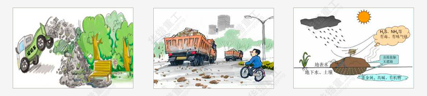 大多數城市建筑垃圾堆放地的選址在很大程度上具有隨意性,留下不少安全隱患。在外界因素的影響下,堆出現崩塌,阻礙道路甚至沖向其他建筑物的現象時有發生。 | 建筑垃圾在堆放和填埋過程中,由于發酵和雨水的淋溶、沖刷,以及地表水和地下水的浸泡而滲濾出的污水——滲濾液或淋濾液,造成周圍地表水和地下水的嚴重污染。 | 隨著城市的不斷發展,大量的建筑垃圾隨意堆放,不僅占用土地,而且污染環境,并且直接或間接的影響空氣質量。 | 隨著城市建筑垃圾量的增加,垃圾堆放點也在增加,而垃圾堆放場的面積也在逐漸擴大。 |
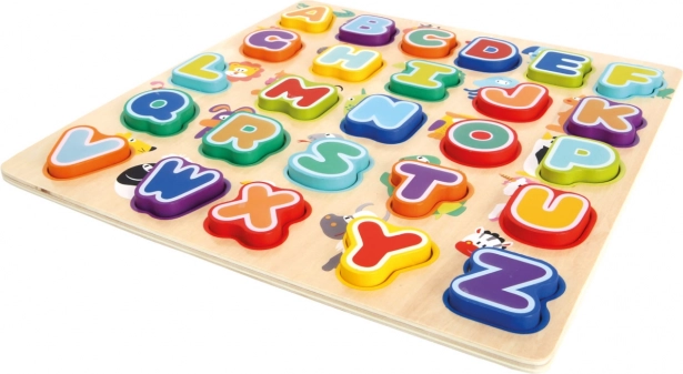 Ta barvita sestavljanka z 26 črkami otrokom pomaga naravno usvojiti angleško abecedo in besedišče s pomočjo prikupnih ilustracij živali. Vsaka črka ima svoj izrez, pod katerim sta slika in angleško ime živali, zato se učenje spremeni v igro.
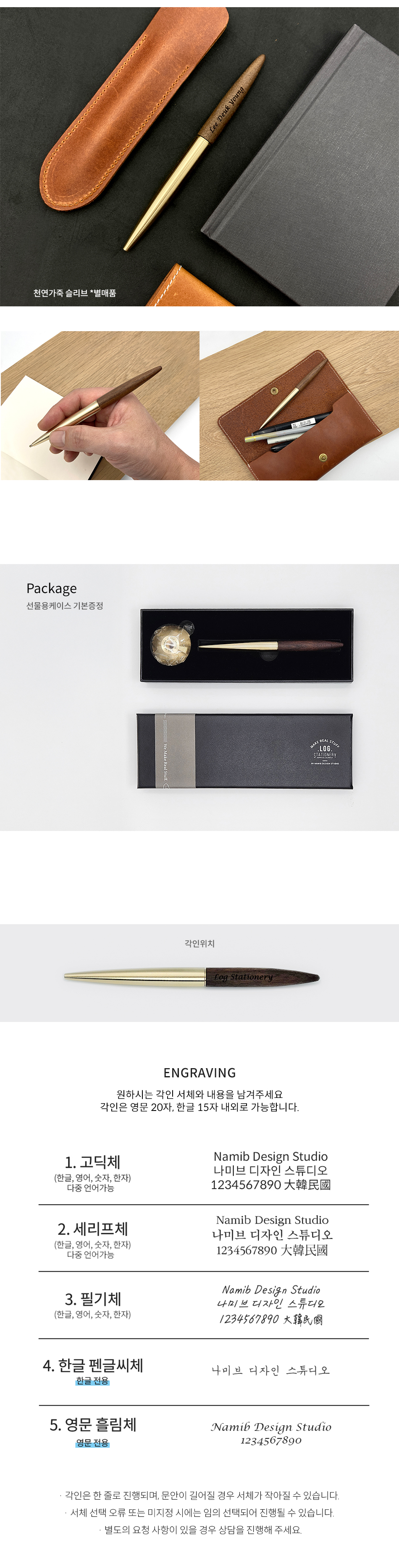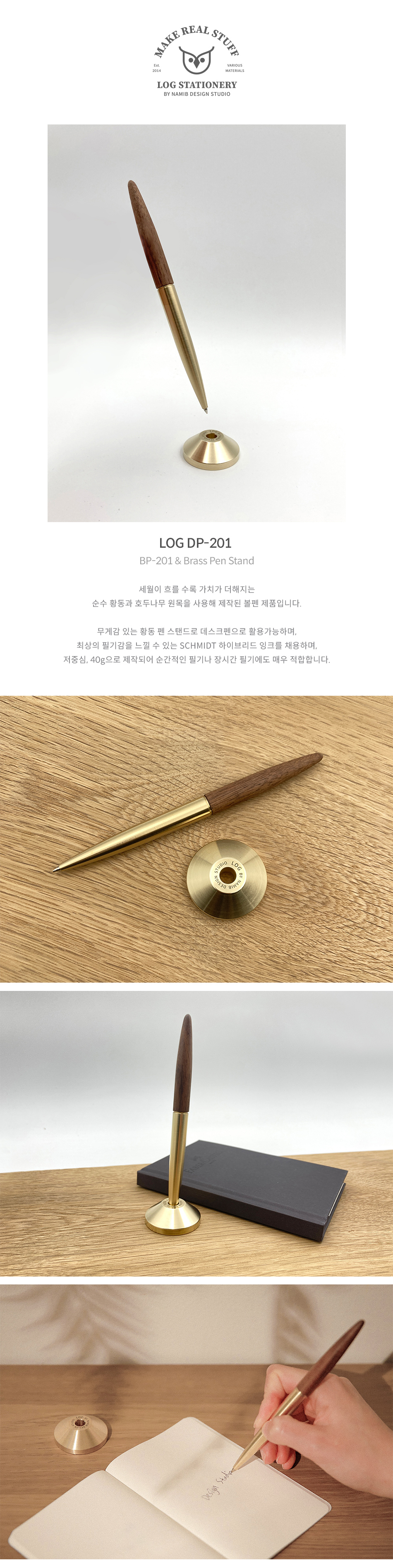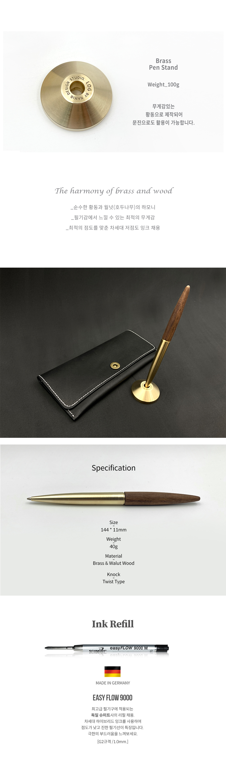 월넛우드와 황동볼펜. 황동스탠드로 펜을 거치할 수 있고 무게감이 있는 홀더는 문진으로도 사용이 가능합니다.
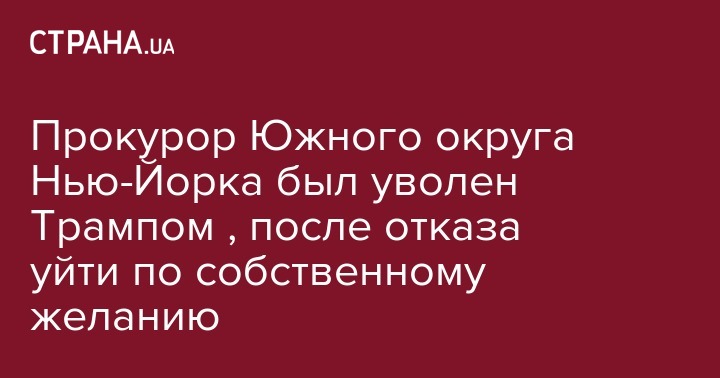 Прокурор Южного округа Нью-Йорка был уволен Трампом , после отказа уйти по собственному желанию
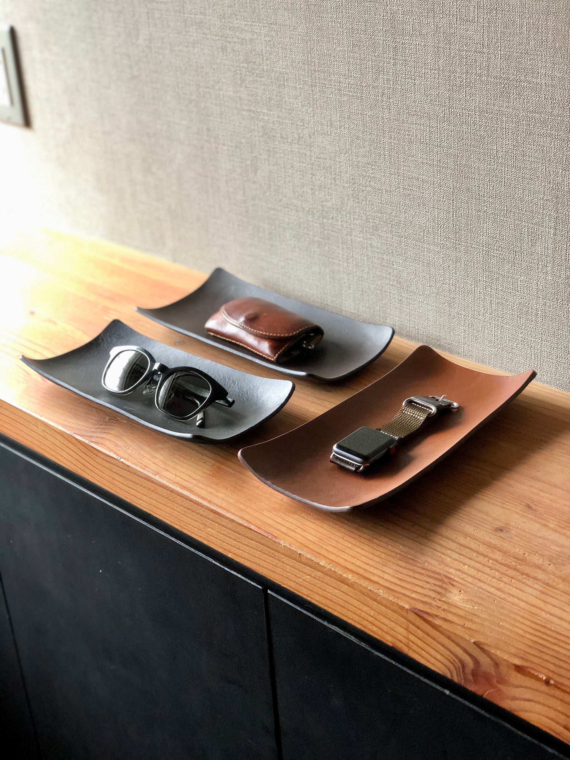 家に帰ってきた時に、腕時計やアクセサリーを置くアクセサリートレイとしてご使用いただけます。レザーの柔らかいクッション性で、大事なアクセサリーや時計をキズつける心配もありません。あなたの大切なお気に入りのアクセサリーを置いてください。
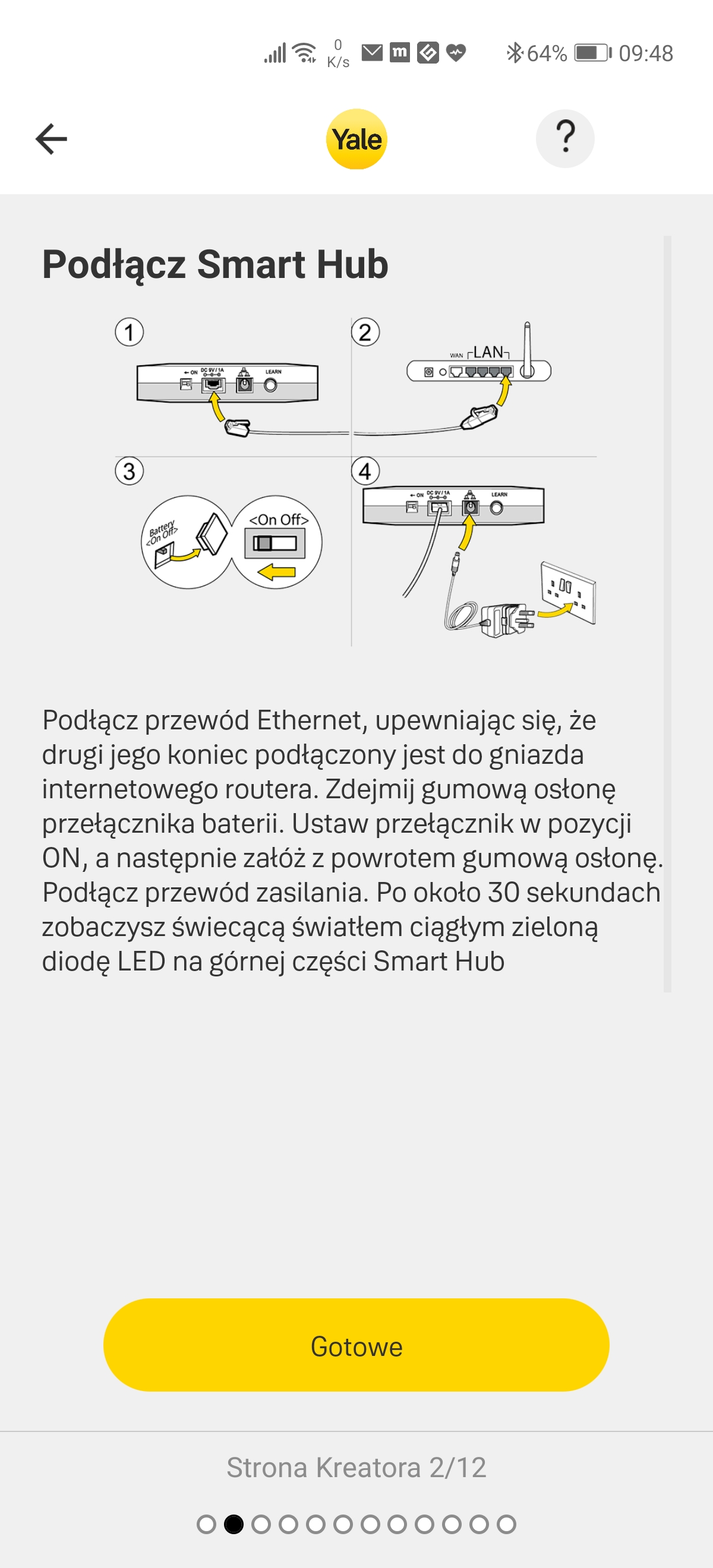 Instalację rozpoczynamy od podłączenia smarthuba do Internetu kablem Ethernet. Gdy na urządzeniu świeci się zielona ikonka możemy pobrać aplikację Yale Smart Living z marketów Appstore lub Google Play i rozpocząć konfigurację alarmu. Wszystkie urządzenia w zestawie są już zlinkowane ze smarthubem, więc nie musimy ich ręcznie dodawać. Smarthub wyposażony jest w zintegrowaną baterię, która przyda się w przypadku braku zasilania.

==================================================

* WHAT NEEDS TO BE DONE
Your task is to copy word for word the lines from the line containing "家に帰ってきた時に、腕時計や" to the end of the listing, both included, and to drop any pictures.

* ANSWER SECTION
 家に帰ってきた時に、腕時計やアクセサリーを置くアクセサリートレイとしてご使用いただけます。レザーの柔らかいクッション性で、大事なアクセサリーや時計をキズつける心配もありません。あなたの大切なお気に入りのアクセサリーを置いてください。
 Instalację rozpoczynamy od podłączenia smarthuba do Internetu kablem Ethernet. Gdy na urządzeniu świeci się zielona ikonka możemy pobrać aplikację Yale Smart Living z marketów Appstore lub Google Play i rozpocząć konfigurację alarmu. Wszystkie urządzenia w zestawie są już zlinkowane ze smarthubem, więc nie musimy ich ręcznie dodawać. Smarthub wyposażony jest w zintegrowaną baterię, która przyda się w przypadku braku zasilania.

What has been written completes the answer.